Precautions like these are more frequently encountered among non-hereditary autocracies than among hereditary monarchies. Nevertheless, crown princes have killed their fathers and dynasties have been overthrown. So at least some precautions are always necessary. It is not obvious that the cost of guarding an autocrat is greater than the cost of guarding presidents and legislatures. Indeed it seems likely that the total cost in terms of office space, living space when that is provided, and guards in Washington is greater than the equivalent cost in Berlin during the Third Reich. The guards serve a different purpose of course. The president does not fear assassination by a senator but by a conspiracy of low ranking people. Nevertheless he requires guards and so do the Senators, Congressman, and high civil servants.
The decision processes in democracies and in autocracies are quite different. In general, policy debates are conducted rather quietly in autocracies whereas they make a lot of noise in democracies. Further although autocrats sometimes tell their cabinet to vote on policies, the final decision is theirs. There is a myth that when Lincoln proposed the emancipation proclamation his cabinet all voted against. Lincoln then said, “Passed unanimously.” This is a myth but it does show the power that a central single person can have even in so-called democracies.
That the common man has little influence on policies in autocracies is normally regarded as a disadvantage of that form of government.
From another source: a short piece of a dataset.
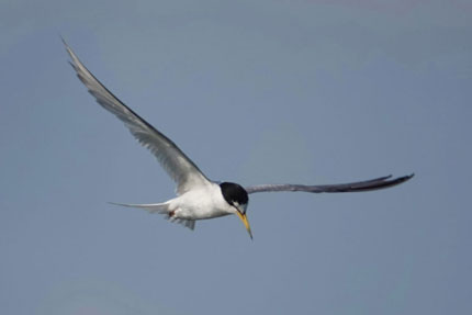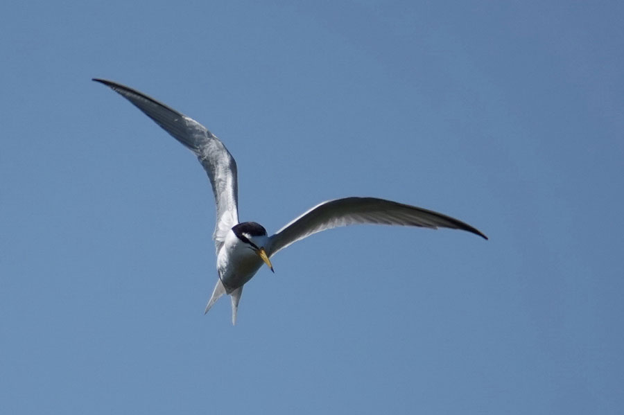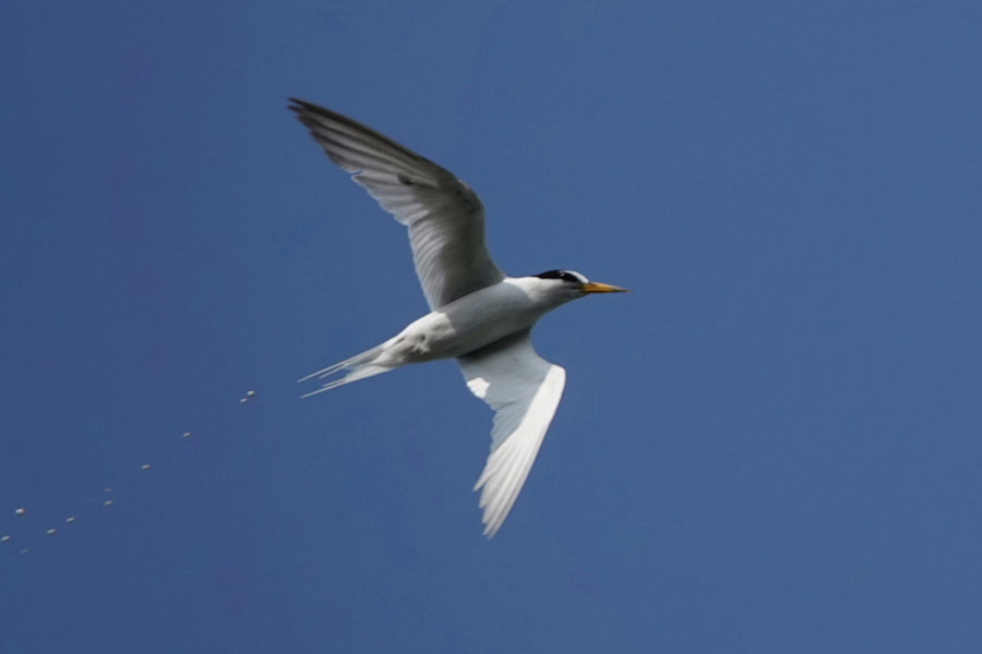 この鳥はコアジサシと言う鳥です。子育て中で頻繁に魚捕りをしていました。
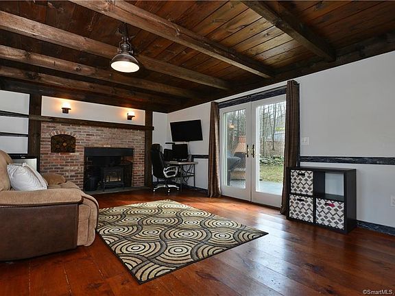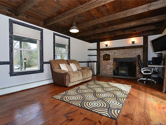 Beautiful Country Cape on lovely Neighborhood Cul de Sac close to RI Line. Large Family Room with big brick fireplace with wood stove. Sunny Eat in Kitchen with soap stone counters, maple cabinets and stainless steel appliances. Front Dining room & Living Rooms with Wide Pine floors. Back first floor bedroom with wood floors - close to First Floor full Bath. Uppper level have 2 large front to back bedrooms. Master has cathedral ceilings, His & hers cedar closets and tiled bath with shower. Lower level has new high efficiency Buderus boiler fuled by propane. Laundry area. Large Deck with woodstove in Back to enjoy your big .93 acre lot. Inviting covered front porch. Shed. Property is close to shopping and 395 highway

There are, however, a number of cases in which democracies have been overthrown by autocrats with popular support. Both of the Napoleon's carried off such an operation. So did Mussolini. Normally however autocracies are established by well entrenched and armed minorities that displace democracies by means of coups d'etat.
The view that democracy is better than autocracy is a current orthodoxy. There are cases where everyone favors the autocracy. The citizens of Rome and modern historians think that Augustus Caesar provide a better government than the late Republic. Gibbon lists the period of the adoptive emperors as the happiest time in the history of the human race. Not everyone is as enthusiastic, but it must be admitted that they gave very good government. One of them was also a philosopher of such importance that his work is still taught in modern universities.
There appear to have been three comparatively short periods in which democracy was common before modern times. It is not clear but it looks as if the first civilization, Sumer, had democratic aspects; but these were quickly extinguished. The second was a classical period of Greece Rome and Phoenicia. This ended when the Roman Republic conquered the bulk of the other democratic systems. It itself was replaced by emperors. The third case is a large collection of democratically governed city-states in the Middle Ages. Most but not all of these were replaced by 1600 or earlier. Altogether autocracies were the dominant to form of government until very recently. Whether they will continue to account for about half of all governments, or rise to complete dominance or fall back to a minority form of government is uncertain. I have my own preferences; but there is no evidence that these preferences will prevail.